## [Exercise goal]
Your answer must be the lines from the one containing "Внутрішньопідлоговий водяний конвектор" through the last line below, copied exactly, with no pictures.

## [Dataset extract]
+===+

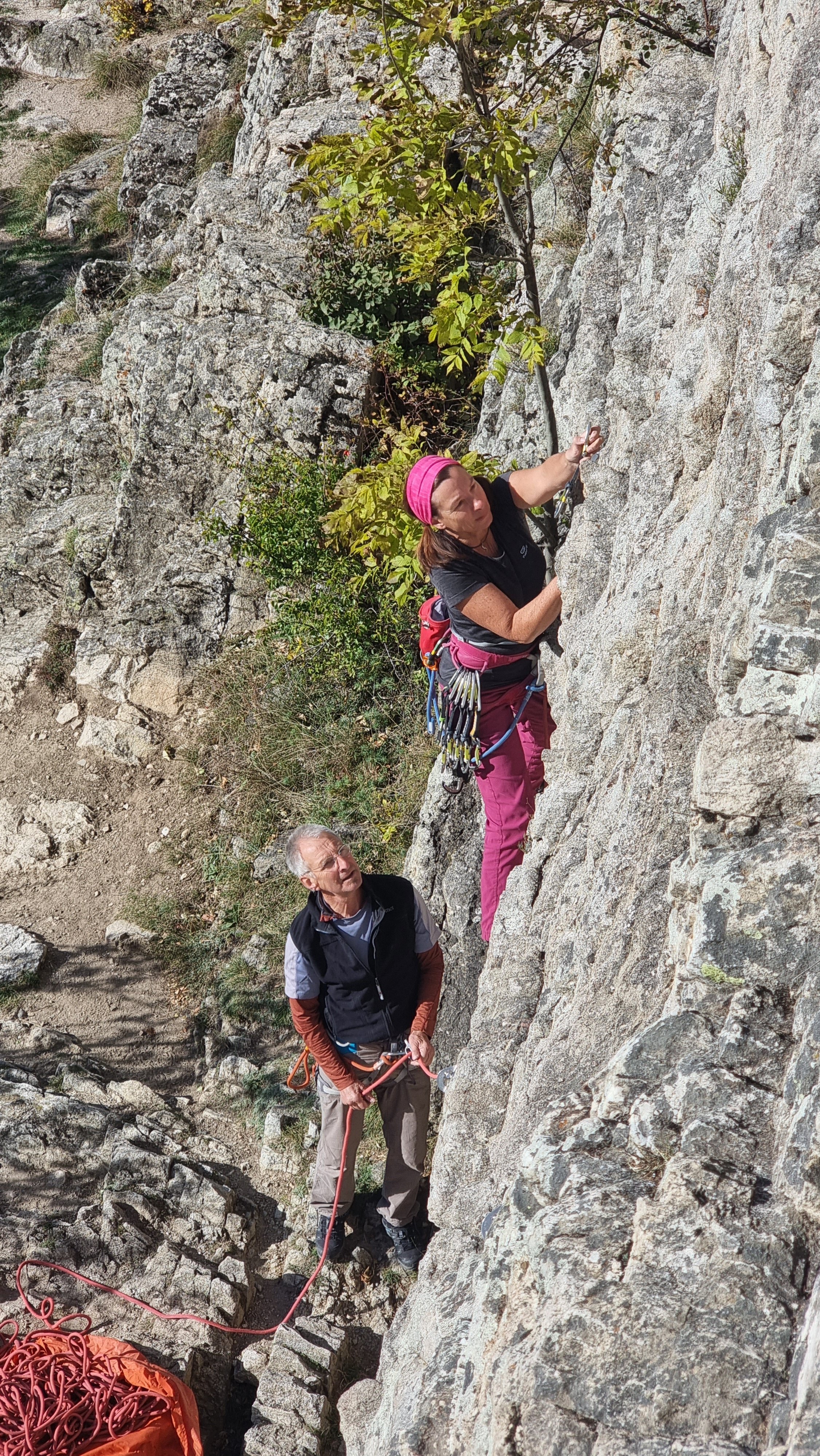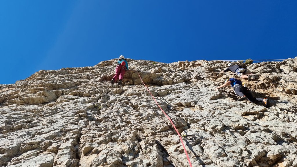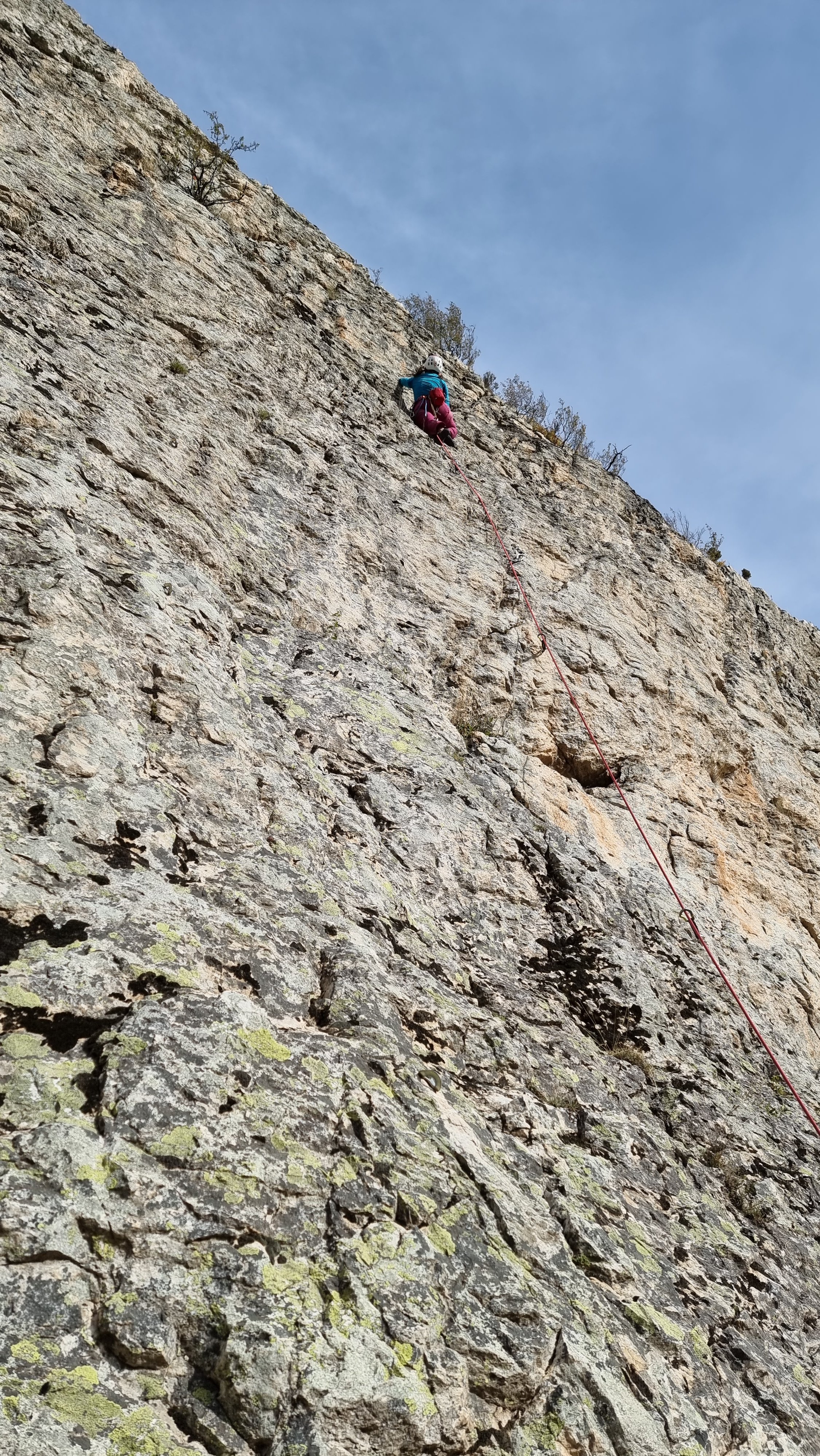 A busy Sunday on the sunny East Face of Rocher Baron – Families and picnics Helen leading La Siesta au SoleilReviens LeonWho is that bronzed Adonis? Mike cruising Eau, 6a+Me on Au Jour du Grande Voyage, 6c, on the sunny, steep south faceFollowing the sun, and avoiding the crowds, around onto the west face of Rocher Baron – new steel cables on the scrambling section have replaced the rag-tag fraying ropes since last year. The west face – a good mix of 6s high above the main valley Helen setting up for the crux sequence of Question d’Adherence – no question of her not sticking for a fine 6c send! Helen cruising to the chains on Question d’Adherence, 6cCasse de Prelles – Les Ressauts, upper tier of the main crag (with the mid-week locals, avoiding the school group on the sector below) Mike topping out on La Pluie Me on Energie Positive – fun and steady for 6b, with only one crimpy section End of the road (trip) for Mike as he heads home – Celebrating a great week with the excellent CitroFacile, 6.5% at Le BrewPub in Argentiere
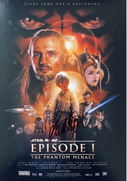 This poster features official artwork from The Phantom Menace and is hand-signed by Jackson. It comes with a Certificate of Authenticity, making it a standout piece for Star Wars fans and autograph collectors alike.
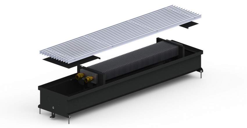 Внутрішньопідлоговий водяний конвектор S (C) Inox / Black 120
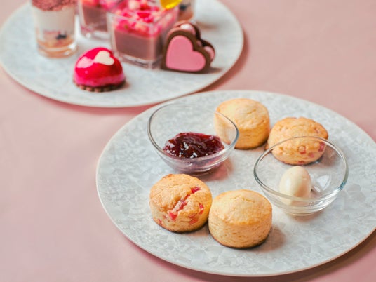 ティータイムに欠かせないスコーンは、プレーンとストロベリーホワイトチョコレートの2種類をご用意いたします。バニラの繊細な香りが魅力のホワイトチョコレートとドライ苺を使用し、味わい深いスコーンに仕上げました。ストロベリージャムやクロテッドクリームを付けてお楽しみください。

+===+

## [Written response]
 Внутрішньопідлоговий водяний конвектор S (C) Inox / Black 120
 ティータイムに欠かせないスコーンは、プレーンとストロベリーホワイトチョコレートの2種類をご用意いたします。バニラの繊細な香りが魅力のホワイトチョコレートとドライ苺を使用し、味わい深いスコーンに仕上げました。ストロベリージャムやクロテッドクリームを付けてお楽しみください。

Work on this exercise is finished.